A strong public information and communications campaign on vaccines is in progress also to address disinformation. Government encourages nationwide vaccination with public support from top leadership of the country. However, a cautious public attitude towards vaccination stems from general dissatisfaction in the handling of the COVID-19 crisis and overall disappointment with the authorities, according to UNIAN.
Post Scriptum: After this article was prepared for publishing, reports and questions regarding side effects for the AstraZeneca vaccine developed and spread quickly. The discussions among health professional and political leaders in the EU Member States, as well as the EMA’s information of 18 March, was also picked up by Russian State controlled and/or financed outlets which used the opportunity to amplify existing deceptive narratives: to highlight insecurity around AstraZeneca, the alleged failure of EU’s COVID-19 handling, the success of Sputnik V. All of this in turn is affecting the public debate on vaccination (examples from recent Russian main state TV here or here).
Finally, as the ‘vaccine diplomacy race’ continues, it is remarkable that President Putin’s personal vaccination, reported this week, was not made into a public display. Usually Putin is not shy on promoting himself horseback riding, diving, flying, fishing etc. When Ukrainian President Zelenskyy was vaccinated three weeks ago in front of cameras at a military hospital near Luhansk, pro-Kremlin outlets were quick casting doubt: – wasn’t it just a shot of vitamins? And now, while the Russian authorities have launched a determined public information campaign using all platforms with famous faces to encourage vaccination amid the serious domestic vaccine hesitancy. Who would have been a better role model than the Head of State?
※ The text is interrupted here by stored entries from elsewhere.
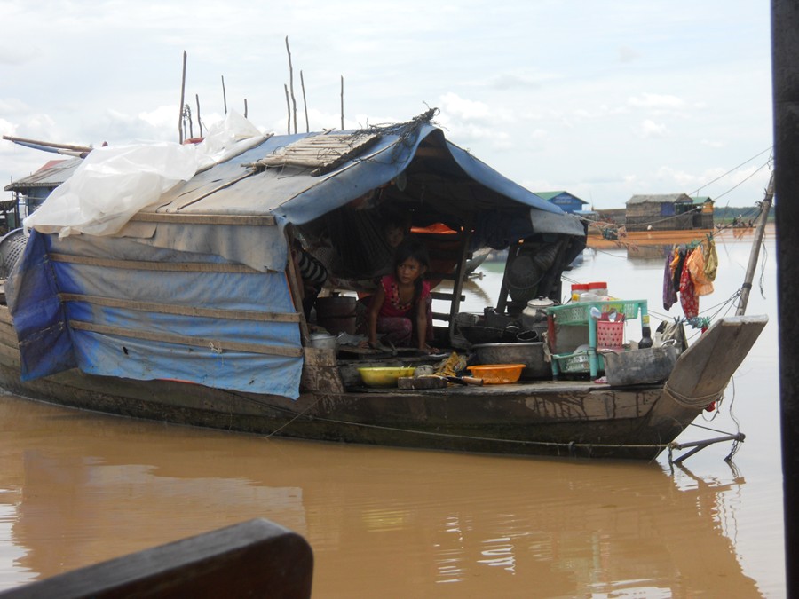 Wir erreichen den See. Um uns herum eine Vielzahl von Booten, ein paar große Hausboote und viele kleine Lastkähne, die Waren anbieten, und somit einen "floating Market" bilden, weiterhin ein paar im Flachwasser stehende Fischerhütten, die bei Hochwasser natürlich im See versinken. |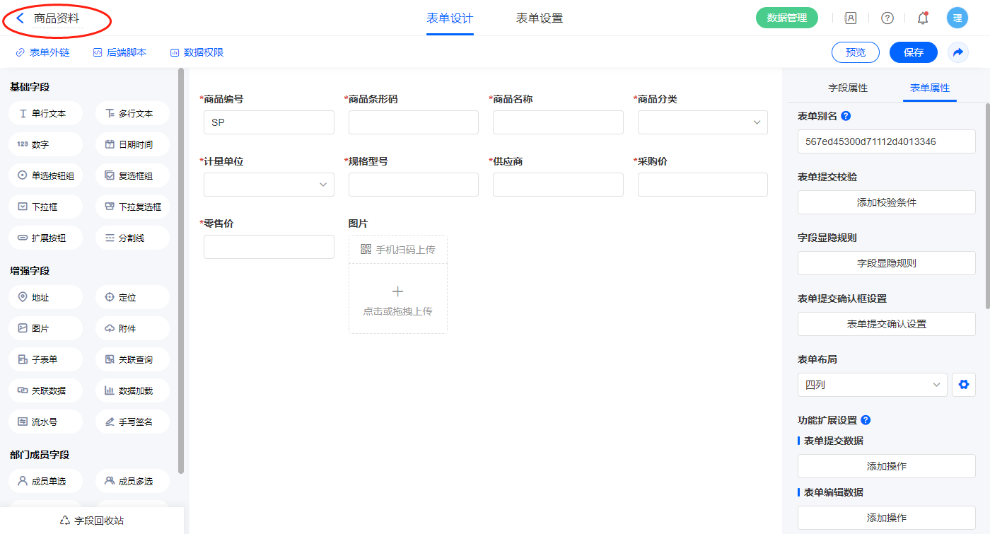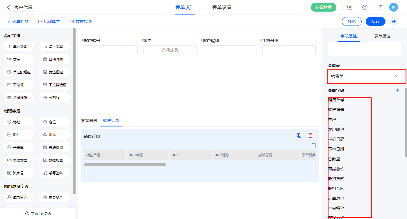 1)【销售单号】字段,选择设置为关联其他表单数据,关联销售单的【销售单号】字段;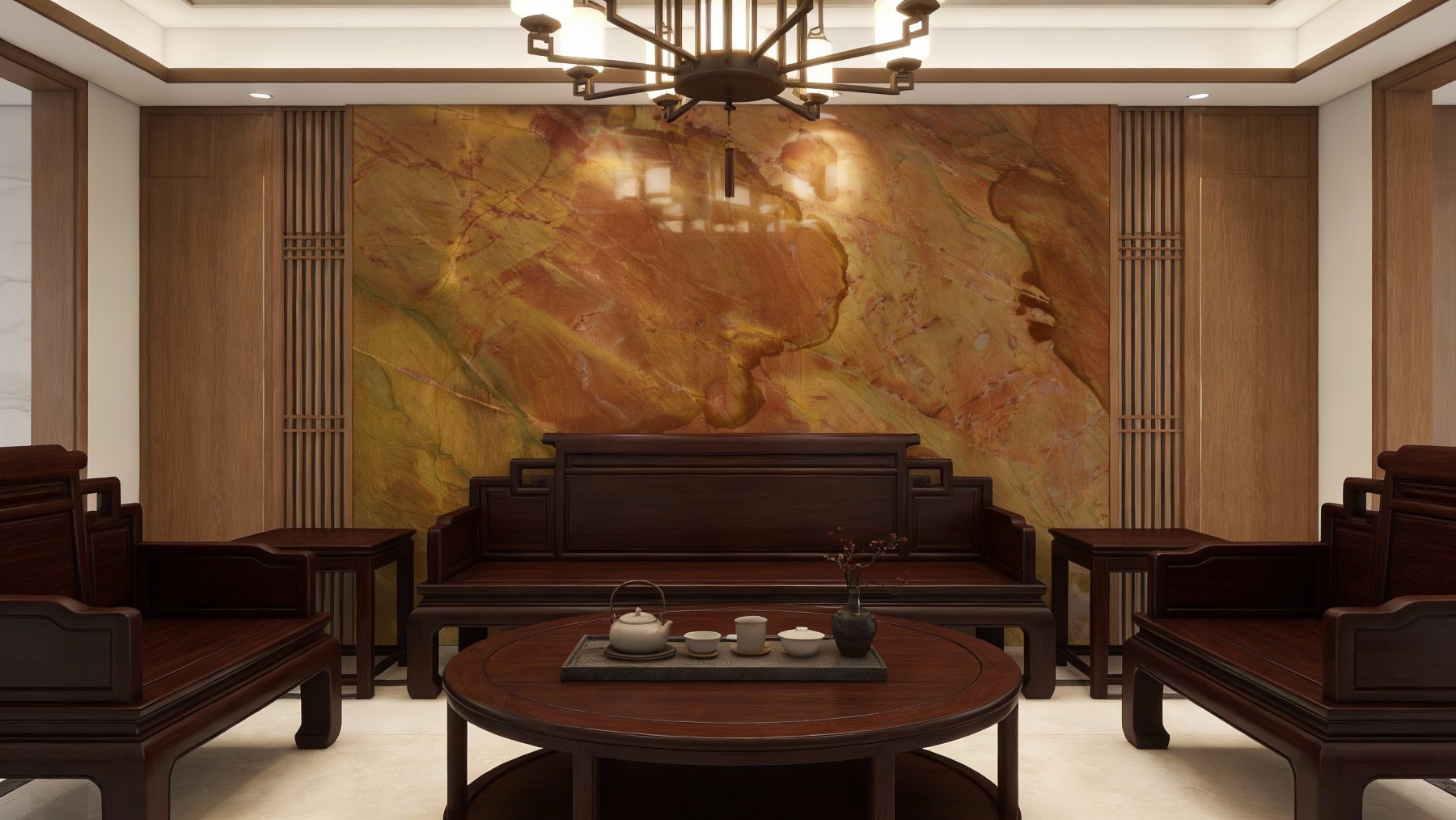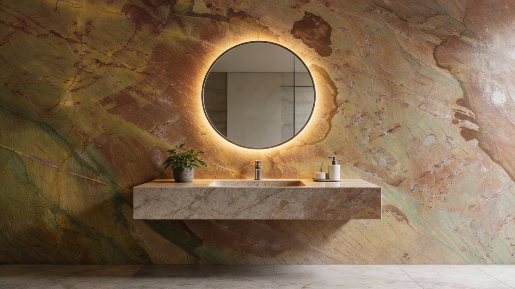 这款石材的底色以温暖浓郁的大地色系为核心,融合金棕、赭黄与浅褐的基础色调,其间交织着深浅不一的红棕色斑块,底部还隐约透出淡橄榄绿的自然底色。整体色调和谐内敛,如沉淀了岁月的土地肌理,既保留了天然石材的质朴感,又因暖调的交织而显得温润亲和。

 For comparison: on 7 March, 46 countries had approved Sputnik V under one or another form. AstraZeneca’s was approved in 49, and Pfizer/BioNTech’s in 43 countries.
 Examples from different EaP countries:
Armenia: Russia is successful while Europe has failed to cope with the pandemic (Sputnik Armenia).
Moldova: ‘AstraZeneca vaccine has an effectiveness of only 10 %’ (Sputnik Moldova).
Georgia: ‘Pfizer tested an antibiotic on minors in Nigeria leaving about 200 people dead’ (Sputnik Abkhazia). ‘Pfizer has practically no experience in developing vaccines, but is associated with some large scandals’ (Sputnik Abkhazia);
Azerbaijan: ‘Because of shortage of the vaccines in Europe, the countries are on the edge of the vaccine war’ (Sputnik Azerbaijan).